Sunday, August 20, 2006

Stories from my town

This morning when no one showed for my usual Sunday morning basketball game in Berkeley, I headed over to the court at the end of my street. It would be a lot more convenient for me if I could make this my regular court. It is, how shall I this?, a but rough. I don't really connect with the guys who hang there. We come from and live in different worlds. For half an hour, I just warmed up, shooting around with a couple other guys as a rigorous game of 21 was played on the other end of the court. After that time, when enough people have arrived to play full court, one of the guys I had been shootin with starts picking his team. He shoulda picked me up, but suddenly its like I wasn't even there. I asked him to play and he said, "you're gonna have to wait."

Why? I wanted to know why. I asked him.

"Why?" he scoffed to his buddy, "dude wants to know why"

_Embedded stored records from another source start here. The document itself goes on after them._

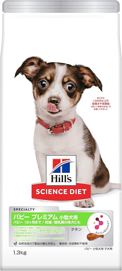 ヒルズ独自のプレバイオティクスブレンド(アクティブバイオームテクノロジー)が子犬の健やかな腸内環境と消化をサポート, アクティブバイオームテクノロジー*が速やかに健康な排便をサポート, お試しにもおすすめ, 12ヶ月までのトイプードル、チワワ、ミニチュアダックスフンド、 ポメラニアン、 ヨークシャー・テリア、 ミニチュア・シュナウザー、 シー・ズー、 パピヨンといった小型犬および妊娠・授乳期の母犬に対応 原材料 トリ肉(チキン、ターキー)、トウモロコシ、小麦、チキンエキス、玄米、コーングルテン、大麦、オート麦、ピーカンナッツ殻パウダー、亜麻仁、ビートパルプ。柑橘類、クランベリー、植物性油脂、動物性油脂、ミネラル類(カルシウム、ナトリウム、カリウム、クロライド、マグネシウム、銅、鉄、マンガン、セレン、亜鉛、ヨウ素)、乳酸、ビタミン類(A、B1、B2、B6、B12、C、D3、E、ナイアシン、パントテン酸、葉酸、ビオチン、コリン)、アミノ酸類(タウリン、スレオニン、トリプトファン)、酸化防止剤(ミックストコフェロール、ローズマリー抽出物、緑茶抽出物) 52742052915
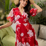 Red Floral Balloon Sleeve Short Dress, in Georgette fabric, Poly Knit Lining, Above Knee, Fit & Flare, NA, Flared Hemline and features Button Detail At Front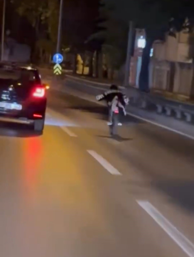 Bursa'nın Osmangazi ilçesinde motosikletli bir şahıs tek teker üzerinde uzun süre ilerleyerek trafikte adeta şov yaptı. Trafikte hızla manevra yapan sürücü, hem kural tanımadı hem de kazaya davetiye çıkardı. Bir başka görüntü ise merkez İzmir Yolu üzerinde kaydedildi.
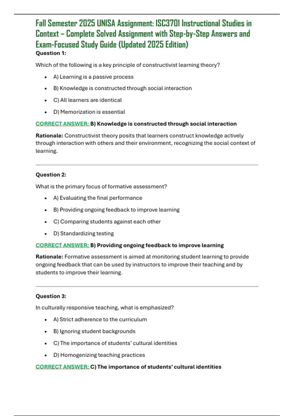 Fall Semester 2025 UNISA Assignment: ISC3701 Instructional Studies in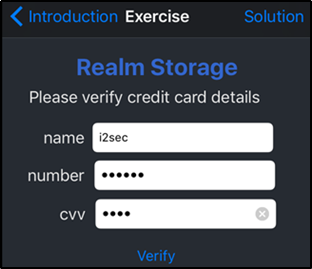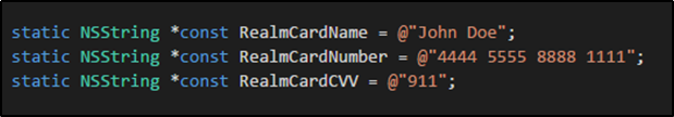 RealmExerciseViewController.m 소스에 CardName, CardNumber, CardCVV 정보를 확인할 수 있다.

I looked around and of the 15 or so people now there. I happened to be the the only person there who wasn't black. Pissed off that it looked like I wasn't going to be playing basketball, the activity I love more than any other in the world, I said it. I spoke what I thought to be the truth. "It's because I'm white," I said.

"It's not the color of your skin," a different guy said as I walked away from the court. I felt that leaving at that point would be the smartest thing to do. Getting into a conversation about race relations in that situation is the last thing I wanted to do. In all that time we were shooting around, I was ON. Three pointer after three pointer swooshed through the net. Other basketball players can relate when I talk about getting this feeling in your wrist. You've got distance perfect and it feels like there's this straight line connecting your release of the ball and dead center on the basket. I had that feeling. There was no way the guy didn't want to pick me up because he thought I sucked. In pickup basketball, if you lose, you gotta sit. None of us were there to sit. So stacking your team with the best players is the rational thing to do. I don't know.

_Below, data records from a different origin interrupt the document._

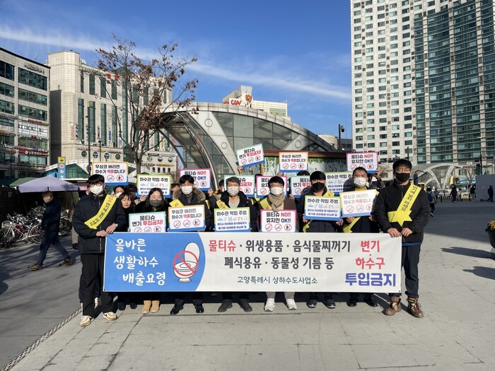 [로컬세계 = 이영원 기자]경기 고양특례시(시장 이동환)는 덕양구 화정역문화광장에서 상하수도사업소와 수질복원센터 직원이 참여한 가운데 '올바른 생활하수 배출 요령' 길거리 캠페인을 실시했다고 13일 전했다.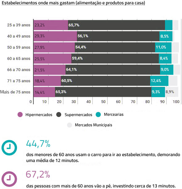 Pessoas com mais de 60 anos estão mais envolvidas nas compras de produtos do que pessoas menores a essa idade, especialmente as de mais de 75 anos, que o fazem muito mais do que pessoas entre 25 e 39 anos. No entanto, todas as faixas etárias geralmente fazem as suas compras num número muito similar de estabelecimentos, a média é de quase 3 estabelecimentos. As diferenças estão na maneira de chegar ao estabelecimento e no tempo que demoram. Enquanto 44,7% dos menores de 60 usam o carro para ir ao estabelecimento, tendo em média quase 12 minutos, 67,2% das pessoas com mais de 60 vão a pé, investindo cerca de 13 minutos. Essas diferenças são acentuadas à medida que as diferenças de idade aumentam, ao ponto de que 49% das pessoas entre 25 e 39 anos usam um veículo para levar algo menos de 11 minutos, enquanto 3 de 4 pessoas mais velhas de 75 preferem ir a pé, embora isso signifique investir 23 minutos, mais do dobro do que faixa etária acima mencionada.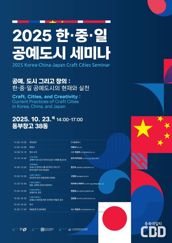 청주공예비엔날레조직위원회(위원장 이범석 청주시장, 이하 조직위)는 오는 23일 오후 2시 문화제조창 동부창고 38동에서 ‘2025 한·중·일 공예도시 세미나(Korea-China-Japan Craft Cities Seminar)’를 개최한다.

Thinking back, what I shoulda done is said, "You don't think I'm good enough?", found the guy who was choosing teams for the other side, and demanded that he pick me up so that I could guard this guy and shut him down. I coulda done it too. If I really really concentrate on defense, even at 36 years old, I can shut anyone down. He wouldn't have scored. I may have fouled him constantly, but I could done it. Life is filled with moments where we later realize what we should of said or should have done.

I'm sure they talked about what I had said right after I left. I've been on courts where a guy stormed off pouting because he couldn't get a game. Each court always has a protocol for how teams get picked, even if 90% of the guys there wouldn't know what "protocol"means. Next time I go down there (it's just too damn convenient not to go there) someone there will know me to be the white guy who stormed off because he couldn't get into the first game and then blamed it on racism. That's not who I want to be known as. I accept that whoever's "next" picks the teams. Even if he didn't want to pick me up because he though I wouldn't;t be good enough, if he thought that, it would only be because his judgments of my basketball talents woulda been solely based on the color of my skin. I showed him otherwise, and I still didn't get picked up.

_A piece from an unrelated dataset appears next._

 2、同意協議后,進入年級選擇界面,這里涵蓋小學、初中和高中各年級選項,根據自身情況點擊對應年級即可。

A couple weeks ago, one of Jasmine's co-workers little brothers was shot in East Oakland not because he was in a gang, but instead because he declined to not join a gang. He is going to be paralyzed for the rest of his life.

Tonight, I walked down to the QuikStop and there were several customers waiting outside a door that was locked. They do this whenever the sole clerk needs to go back and restock the fridge, When the door was unlocked, customers walked out, he let us in, and then relocked the door. While I was waiting, other customers came up, stood at the locked door, and only got let in when the clerk let me and the next guy out. Huh? This wasn't about restocking the cooler. The clerk said it was for security. I pressed him for more info and he told me that the night before, several guys had come in, just grabbed as much stuff as they could, and ran out.

The suburbs are sounding better everyday.